Among the other possibilities, one U.S. official said, was returning North Korea to the U.S. list of countries that support terrorism.

That would be a response to the suspected use of nerve gas to kill Kim's brother at a Malaysian airport last month. It would subject Pyongyang — already heavily sanctioned by the United Nations and individual states, so far to little effect — to additional financial sanctions that were removed when it was taken off the list in 2008.

For now, U.S. officials consider pre-emptive military action far too risky, given the danger of igniting a regional war and causing massive casualties in Japan and South Korea and among tens of thousands of U.S. troops based in both allied countries.

Such ideas could gain traction, however, if North Korea proceeds with a threatened test of an intercontinental ballistic missile capable of hitting the United States. Just before he took office in January, Trump tweeted: "It won't happen!" when Kim said North Korea was close to testing an ICBM.

Trump also could opt for escalating cyber attacks and other covert actions aimed at undermining the North Korean leadership, a U.S. government source said.

Review could be completed this month

The review is expected to be completed by the end of the month, officials said. Decisions could be held up, however, by the slow pace at which Trump has been filling national security jobs.

Trump is known to have little patience for detailed foreign policy discussions, but officials said he seemed to have heeded a warning from his White House predecessor, Barack Obama, that North Korea would be the most urgent international issue he would face - so much so that he requested intelligence briefings on the issue.

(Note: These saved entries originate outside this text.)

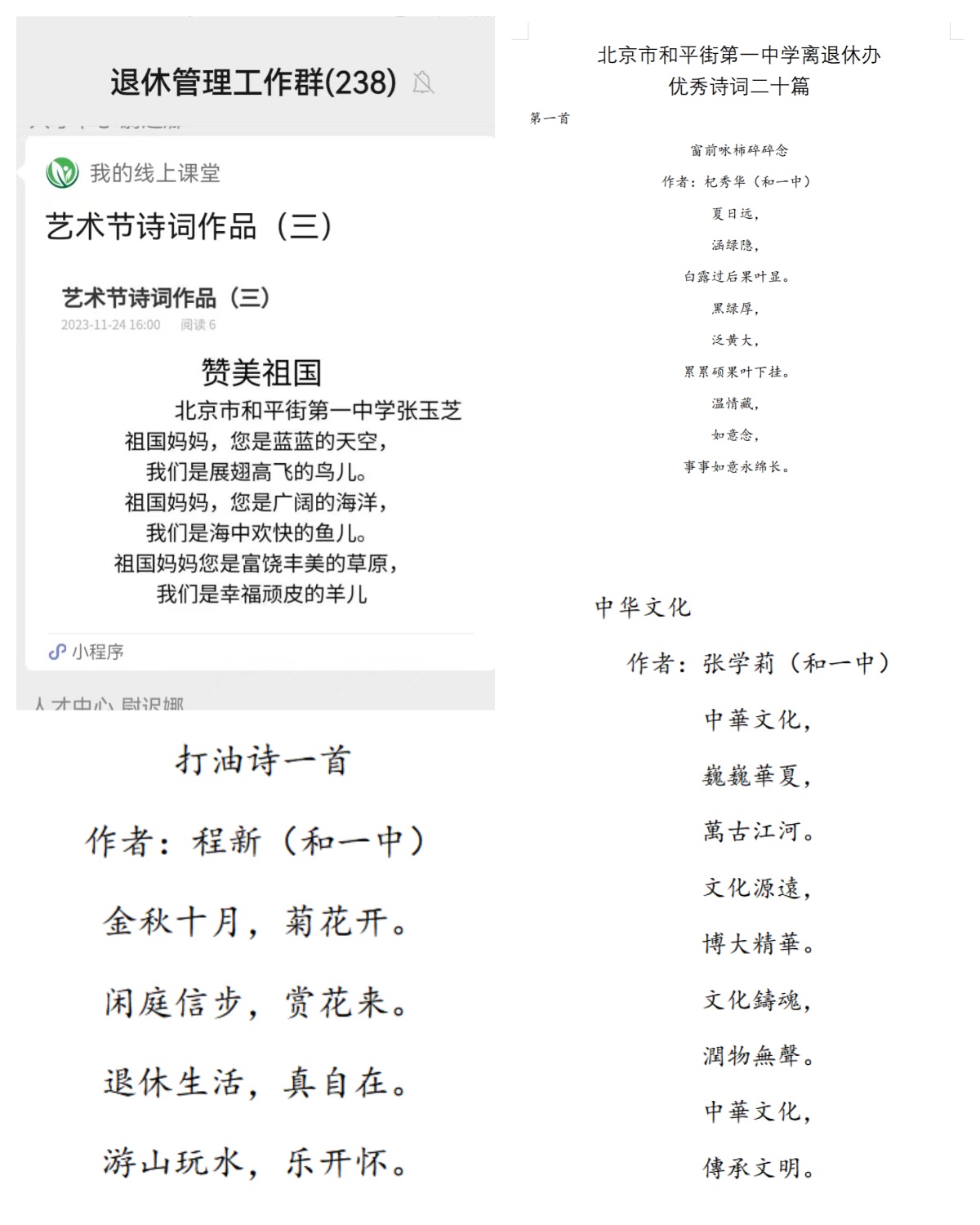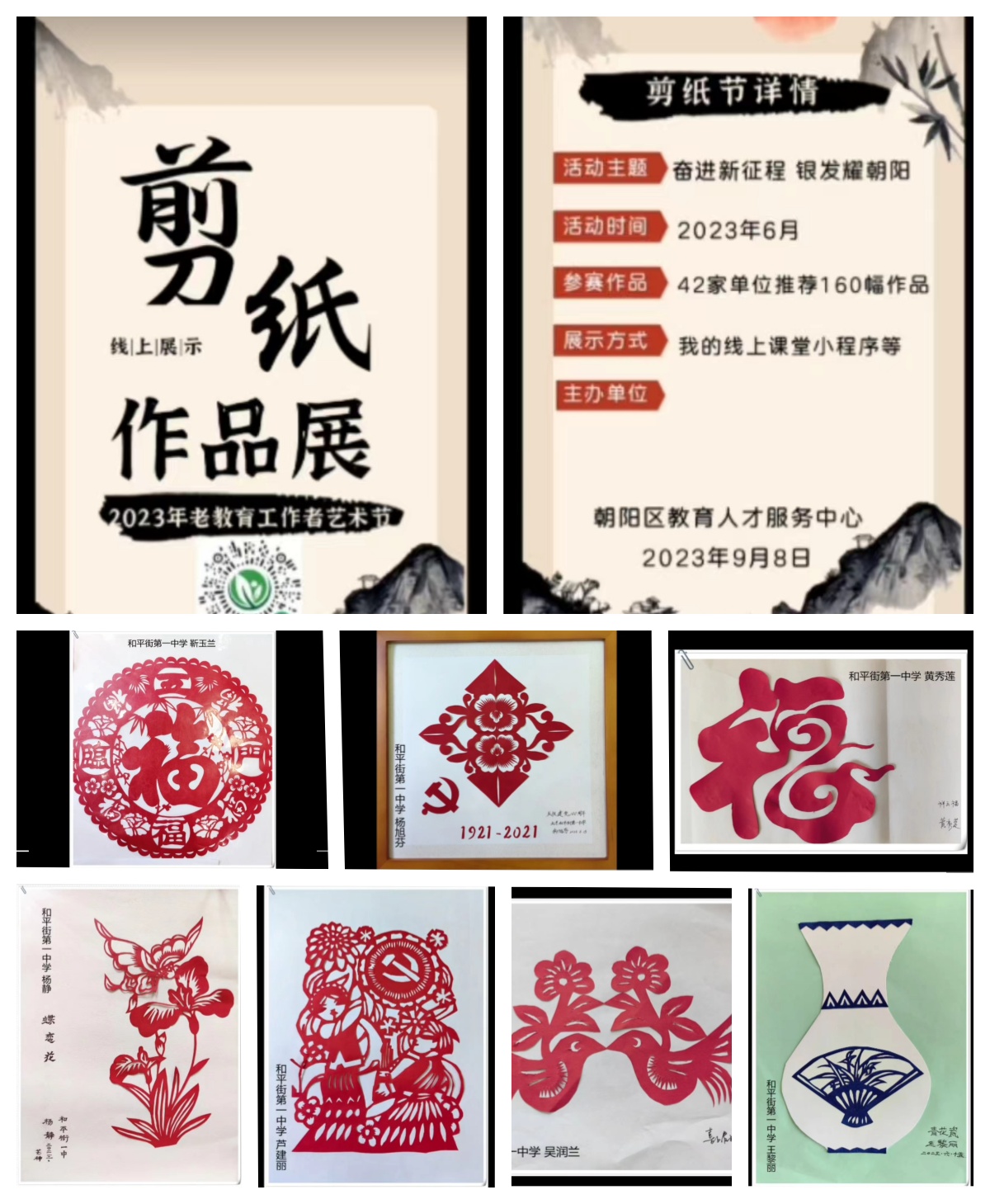 和平街一中离退休办公室组织老教师们积极参加此项活动。活动期间,全体退休教职工共上交书法作品180份、绘画作品200份、剪纸作品220份、摄影作品265份、诗词作品250份、舞蹈作品5份。经评选,推出优秀书法作品3份、优秀绘画作品5份、优秀剪纸作品20份、优秀摄影作品30份、优秀诗词作品20份、优秀舞蹈作品1份,并在区级平台微信小程序“我的线上课堂”和离退休管理工作群进行展示。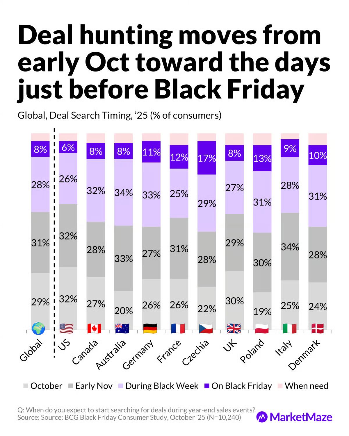 Deal hunting moves later, with 28% searching only days before Black Friday, up as shoppers wait for bigger discounts.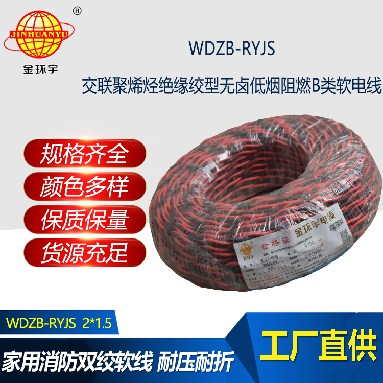 WDZB-RYJS:低煙無鹵交聯聚烯烴絕緣B類阻燃雙絞線;是消防用低煙無鹵阻燃聚烯烴絕緣連接軟線是參照GB/T5023-2008等標準制訂的,其耐火特性符合GB/Tl9666類的要求。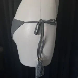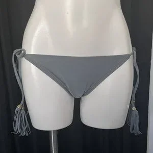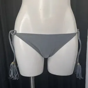 Kandy Wrapper Bikini Bottoms Grey Ties Side Tassel String Bathing Suit New Med.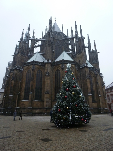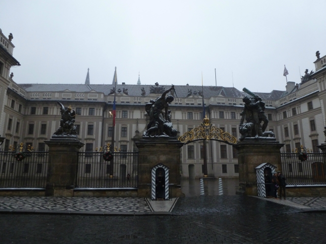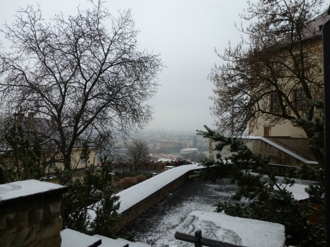 Трамваи еще и не думали ходить. Самый короткий путь до метро через Пражский град. На удивление скоренько до него добежали и пересекли тоже достаточно быстро. Выйдя через Восточные ворота, мы резко тормознули – ведущая вниз Старая замковая лестница блестела как зеркало. Голый лед! Как спускаться? Оглянулись на ворота Пражского града, на Черную башню, сочувственно смотревшую нам вслед.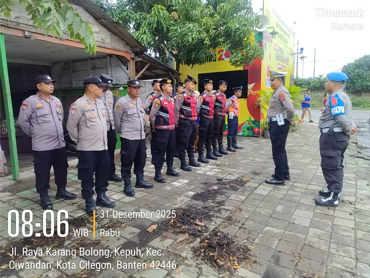 Cilegon - Personil Pospam 5 Ciwandan Polsek Ciwandan Polres Cilegon Polda Banten melaksanakan Apel Kesiapan Pelaksanaan kegiatan pengamanan Arus Lalu-lintas Wisata Dalan Operasi Lilin Maung 2025, Rabu (31/12/2025)

While officials have stressed the need to persuade China to do more to pressure North Korea, Trump's first concrete response to North Korea's missile tests has been to start installing an advanced anti-missile defense system in South Korea, which has incensed Beijing.

Diplomats said the move might reassure U.S. allies but could backfire by antagonizing China, which regards the system as a threat, and make it less willing to step up sanctions on its neighbor.

"You have to adjust and calibrate all the options based on the facts on the ground," said an administration official, who added that media reports highlighting military options were overblown.

"The ability to have sanctions that pack some punch and are more dynamic than we have had in the past is going to be dependent to some extent on Chinese cooperation," he said.

Chinese diplomats argue that Beijing is doing all it can.

Bonnie Glaser at Washington's Center for Strategic and International Studies said China could close banks that conduct illicit financial transactions with North Korea, prosecute front companies facilitating business, cut off oil exports and expel North Korean workers.

No good military options

Glazer said she saw no good military option. While past talks have failed, she would not be surprised if Trump wanted to try diplomacy.

One idea could be to discuss a freeze in North Korea's nuclear and missile programs, which would fall short of current demands for nuclear disarmament.

"North Korea may insist on being recognized as a nuclear weapons state as a precondition, in which case the U.S. would have to decide whether to make that concession," she said.

Evans Revere, a former senior diplomat who dealt with Korea under President George W. Bush, said Washington should pressure North Korea with sanctions, military deployments and covert operations.

"Doing this would ... compel the regime to rethink its course and make it more likely to return to dialogue and denuclearization, lest it risk collapse," he said.

Whether Trump will be willing to tolerate the level of risk needed to make such a strategy work remains unclear.

"This is an administration that is more inclined to be averse to regime change than previous administrations," the first administration official said. "That's from the top down."

"This administration intends to come up with options based on the cards we are dealt; not try to change the deck entirely, which is what regime change is."